Run the results and open the Baidu page to view the same source code. Here are a few explanations for Python syntax.

A) import is the introduction of the meaning, Java is also used import,c/c++ with the include, the same role

b). Urllib This is the Python's own module, in the future when the development, if encountered their own needs of the function, Python comes with the module is not in the time, you can try to find on the Internet, such as the need to operate the MySQL database, this time Python is not self-contained, You can find mysqldb on the Internet, and then install the introduction on the line.

c). Res is a variable that is not declared like the Java,c language. Just write it when you use it.

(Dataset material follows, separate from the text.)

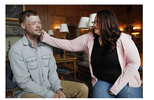 ABD'de Lilly Ross adlı genç kadın, kocasının yüzü nakledilen adamla bir araya gelince duygusal anlar yaşandı.

d). Punctuation marks. Like Java,c these languages, each line of code followed by semicolons or other symbols, as the end of the flag, Python does not use the reverse will be wrong. Sometimes, however, punctuation marks, such as colons, are used in the back.

e). With regard to print, in python2.7, there is the print () function, and the print statement, basically the same function.

f). #注释

g). Encoding=utf8 represents the use of UTF8 encoding, which is especially useful when you have Chinese in your code.

2. Parse the retrieved elements of the webpage, get what you want, take the watercress for example, we want to get all the book names on this page (for learning communication only)

Http://www.douban.com/tag/%E5%B0%8F%E8%AF%B4/?focus=book

First get the page code:

#encoding =utf8import urllibres = Urllib.urlopen ("Http://www.douban.com/tag/%E5%B0%8F%E8%AF%B4/?focus=book") print Res.read ()

Get results, by analyzing the page source code (suggested with the Firefox browser, press F12, you can see the source code), you can locate the valid code as follows:

Here we begin to parse (here with BeautifulSoup, self-download installation), the basic process:

a). Narrow down, here we get all the books by id= "book"

b). Then through the class= "title", traverse all the titles.

The code is as follows:

#encoding =utf8import Urllibimport beautifulsoupres = Urllib.urlopen ("http://www.douban.com/tag/%E5%B0%8F%E8%AF%B4/ Focus=book ") soup = Beautifulsoup.beautifulsoup (res) Book_div = Soup.find (attrs={" id ":" book "}) Book_a = Book_ Div.findall (attrs={"class": "title"}) for book in book_a:    print book.string

Code Description:

a). Book_div get div tags via id=book

b). Book_a get all book a tags through class= "title"

c). For loop is a tag that traverses all BOOK_A

d). Book.string is the content in the output a label

The results are as follows:

3. Store the obtained data, such as write to the database, my database with MySQL, here is the example of MySQL (download install MYSQLDB module here do not narrate), write only how to execute an SQL statement

The code is as follows:

Connection = MySQLdb.connect (host= "* * *", user= "* * *", passwd= "* * *", db= "* * *", port=3306,charset= "UTF8") cursor = Connection.cursor () sql = "*******" sql_res = Cursor.execute (sql) Connection.commit () Cursor.close () Connection.close ()

Description

A). This code is the process of executing the SQL statement, which is handled differently for different SQL statements. For example, executing a SELECT statement, how do I get the result of execution, execute the UPDATE statement, and then fail. These are going to do it yourself.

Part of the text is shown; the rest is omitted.